Metadata-Version: 2.4
Name: rcfd-pcg
Version: 0.1.0
Summary: RCFD-PCG: Ridge-Corrected Frequent-Directions Preconditioned Conjugate Gradient
Author: RCFD Team
License-Expression: MIT
Requires-Python: >=3.9
Description-Content-Type: text/markdown
Requires-Dist: numpy>=1.23
Requires-Dist: scipy>=1.9
Requires-Dist: threadpoolctl>=3.1.0
Provides-Extra: dev
Requires-Dist: black==24.4.2; extra == "dev"
Requires-Dist: ruff==0.5.5; extra == "dev"
Requires-Dist: isort==5.13.2; extra == "dev"
Requires-Dist: pytest>=7; extra == "dev"

# RCFD-PCG MVP

➡️ Browse recent results and plots: `results/index.html`

A minimal Python package implementing Ridge-Corrected Frequent-Directions (RCFD) preconditioning and a PCG solver for tall-skinny least-squares.

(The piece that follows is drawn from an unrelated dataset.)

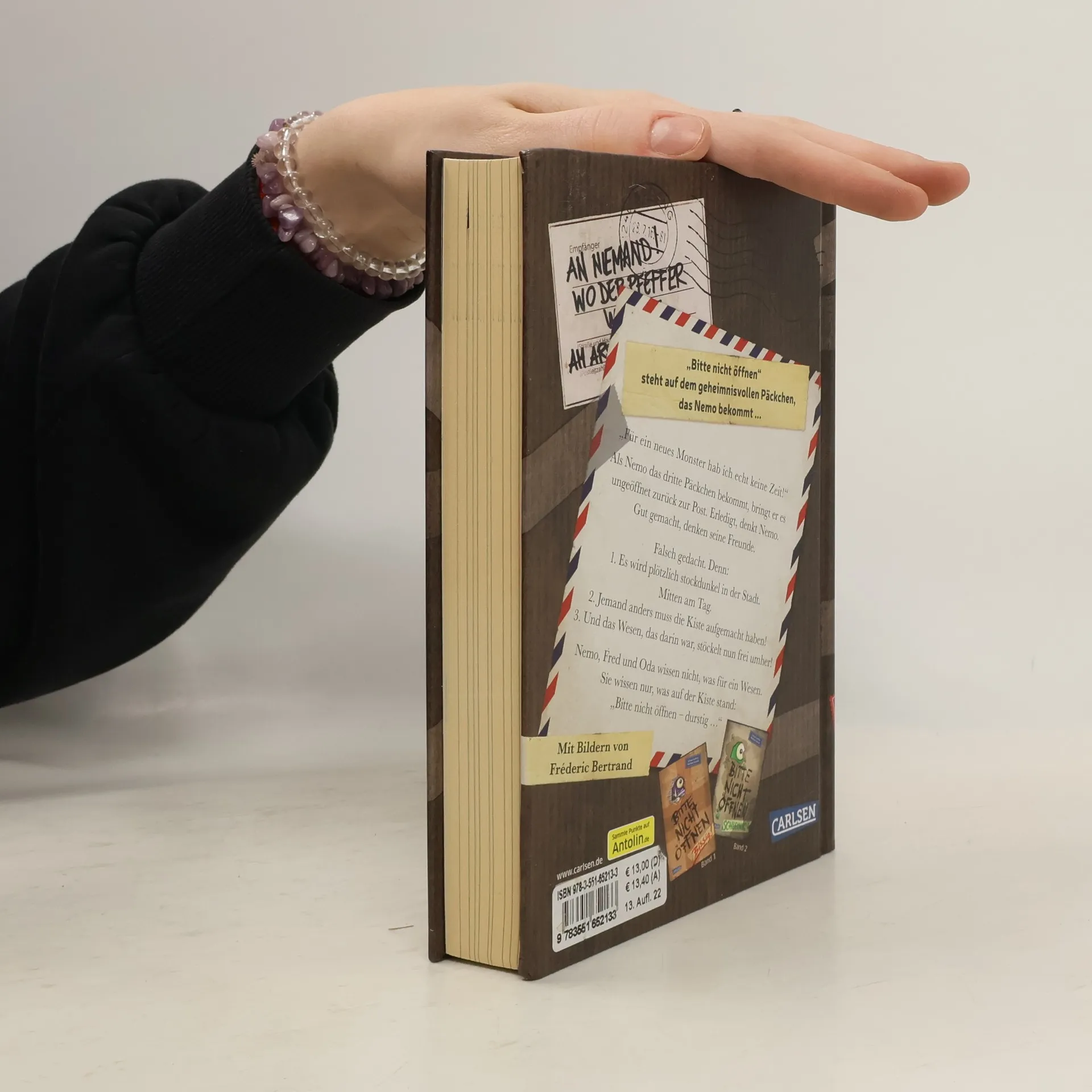 "Bitte nicht öffnen!" steht auf dem geheimnisvollen Päckchen, das Nemo bekommt. Also macht Nemo es auf ...BITTE NICHT ÖFFNEN, BAND 3: „Für ein neues Monster hab ich echt keine Zeit!“ Als Nemo das dritte Päckchen bekommt, bringt er es ungeöffnet zurück zur Post. Erledigt, denkt Nemo. Gut gemacht, denken seine Freunde. Falsch gedacht. Denn: 1. Es wird plötzlich stockdunkel in der Stadt. Mitten am Tag.2. Jemand anders muss die Kiste aufgemacht haben!3. Und das Wesen, das darin war, stöckelt nun frei umher!Nemo, Fred und Oda wissen nicht, was für ein Wesen. Sie wissen nur, was auf der Kiste stand: „Bitte nicht öffnen – durstig …“Nach dem Kinderbuch-Bestseller-Erfolg von Band 1 und 2 nun endlich da: ein neues lustiges und turbulentes Abenteuer rund um Schule, Freundschaft und ein verlorenes Wesen, das nach Hause will! ***Voller überraschender Wendungen, Sprachwitz und mit vielen Bildern vom unverwechselbaren Fréderic Bertrand. ***Das perfekte Buch für Jungs und Mädchen – und ihre Eltern! ***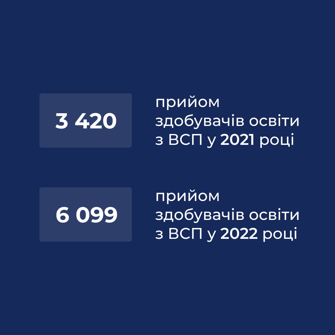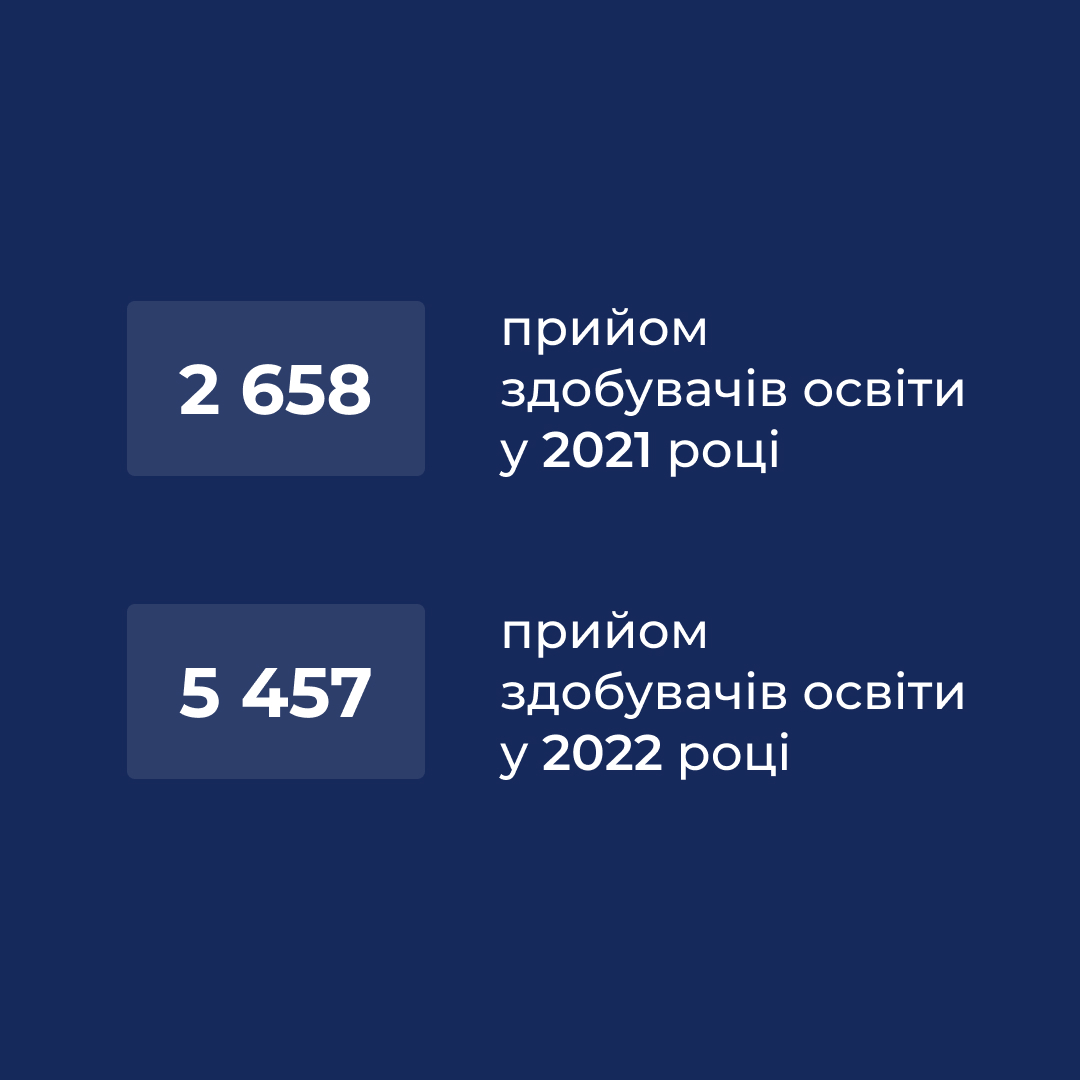 Загальний прийом з урахуванням вступників коледжів університету в 2022 році становить 6099, що у порівнянні з 2021 роком підтверджує приріст на 78%.

## Why RCFD-PCG is a no-brainer for tall-skinny least squares

- Reuse wins now: `results/bench_sparse_reuse.json` and `results/single_vs_reuse.html` capture end-to-end time dropping from ~0.31 s to ~0.17 s with 36 PCG iterations, while LSQR/LSMR still burn >100 iterations.
- Ill-conditioned proof on demand: `results/bench_ill_cond.json` shows RCFD converging in 3 iterations where LSQR takes 309+, matching dense Cholesky accuracy without dense costs.
- Deterministic, inspectable collateral: CLI runs emit shareable JSON/HTML (`results/demo_report.html`) so buyers can embed metrics in review decks without notebooks.
- Drop-in for ML stacks: `rcfd_pcg.sklearn.RCFDRidge` slots into sklearn pipelines, joblib persistence, and `docs/RegimeCookbook.md` narrates parameter picks per regime.

## Ten-minute proof path

1. Install (`pip install -e .` or grab the wheel artifacts produced by CI).
2. Run `python -m rcfd_pcg.cli demo --out results/demo_report.json --html results/demo_report.html` to preheat the solver and generate the HTML summary.
3. Run the canonical sparse benchmark twice to surface reuse wins:
   - `python -m rcfd_pcg.bench --n 20000 --d 200 --sparse --eps 0.25 --tol 1e-6 --repeats 3 --json --out-json results/bench_sparse_single.json`
   - `python -m rcfd_pcg.bench --n 20000 --d 200 --sparse --eps 0.25 --tol 1e-6 --repeats 3 --reuse-precond --json --out-json results/bench_sparse_reuse.json`
4. Open `results/index.html` (or `results/single_vs_reuse.html`) to walk stakeholders through the before/after artifacts.
5. Optional: drop in a real dataset with `rcfd-pcg --real-dataset 20ng --json` to show a like-for-like baseline.
6. Run `python -m examples.proof_pack --results results --out-json results/proof_pack.json --out-html results/proof_pack.html` to bundle the JSON + HTML summary (`results/proof_pack.html`). See `docs/ProofPack.md` for a shareable runbook. You can also automate everything with `python scripts/proof_pack_pipeline.py`.

Share the `results/` directory or the prebuilt plots in `plots/` as your proof-pack; everything is deterministic so another laptop reproduces the story. The solver JSON surfaces `bail_out` and `bail_out_details` so it's obvious when the auto guardrail skips sketching.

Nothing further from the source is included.